The Buffalo Party, for example, formed in 2020 out of frustration over pandemic restrictions in a province that had the most lax rules in the country. The upstart fringe party nonetheless managed to win 2.5 percent of the popular vote despite only running 17 candidates.
Not to be confused with the Loyal Order of Water Buffaloes of “Flintstones” fame, the party took its name from the prairie province’s abundance of American bison, which was 52,860 at last count, or 52,856 more than they currently have at the zoo in Buffalo, New York. The irony is likely lost on them the word is also a euphemism for bullying.
(Side note/fun fact: The longest sentence in English using only one word is “Buffalo buffalo Buffalo buffalo buffalo buffalo Buffalo buffalo.” Swap in bison and capitalize the word to represent the lakeside city in upstate New York and you’ve got “Bison from New York, whom other New York bison bully, bully other bison from New York.”)
And now there’s the new Saskatchewan United Party, which formed two years ago after MLA Nadine Wilson was either booted from caucus for lying about her vaccination status or resigned on principle to escape the tyranny of Scott Moe, depending on whom you talk to. But expecting low-information voters to differentiate between the far-right Saskatchewan Party and the far-right Saskatchewan United Party is a roll of the dice.
Just ask a member of the People’s Front of Judea or the Judean People’s Front.
Moe added more fuel to the fire at the same town hall by also promising to “look into” suggestions from the crowd the Saskatchewan Health Authority (SHA) were out to get them, which drew the immediate ire of NDP leader Carla Beck.
“It shouldn’t have been difficult for the premier to simply say, ‘You know what? That’s not the case. Saskatchewan health-care workers and the SHA were not involved in poisoning the population,’” she told the Regina Leader Post.

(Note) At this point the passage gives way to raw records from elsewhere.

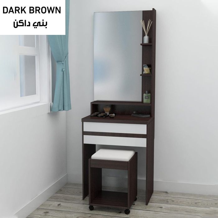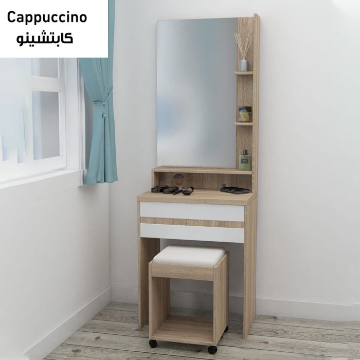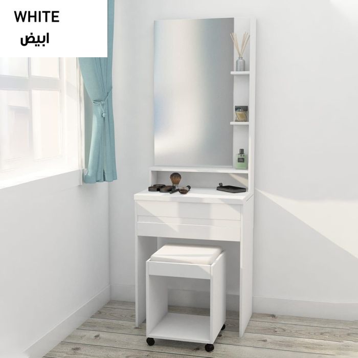 طاولة زينة عملية وعصرية مع كرسي، تجمع أدوات المكياج والتنظيم في مكان واحد مع سطح متين لعرض الديكور.
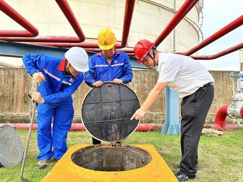 广西北海石油铁山港油库全面排查发油区、罐区及排水系统隐患,清淤疏通雨污沟,确保清污分流系统高效运转,筑牢汛期安全防线。图为员工检查罐区排水系统。骆宗萍摄
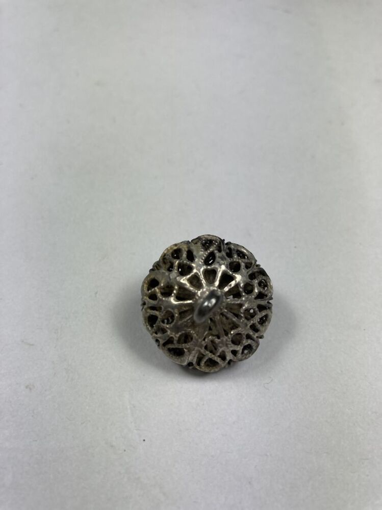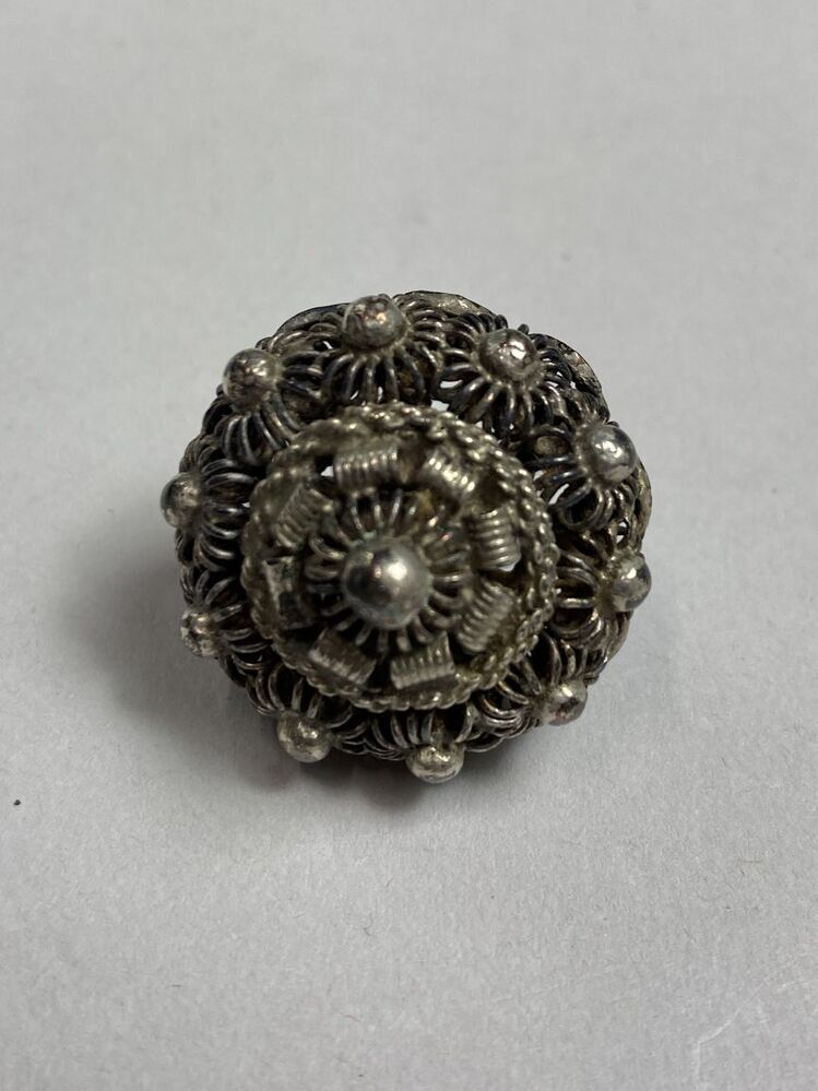 Knoop met bolle onderkant en kegelvormige bovenkant, op de bovenkant een krans van tien bolletjes, eromheen een spiraalband, onderdeel van groep van zes verschillende ronde filigrainknopen, zogenaamde Zeeuwse knopen

But the funniest part about this whole mess is it seems to have created a dumb new controversy of its own. Attempting to defuse the situation, the government put out a statement saying Moe “accepted an invitation from the Mayor to attend a town-hall meeting in Speers where he did just that, listening to and responding to constituents’ concerns on a number of different topics.”
But, according to the mayor of the village of Speers, Kenneth Rebeyka, no such RSVP was ever sent, and Moe was forced to admit it was an oopsie to say he’d been invited to speak.
Chances are Mayor Rebeyka and his family are fielding online death threats from engaged and enraged Saskatchewanians as you read this. A buffalo stance is essentially their M.O.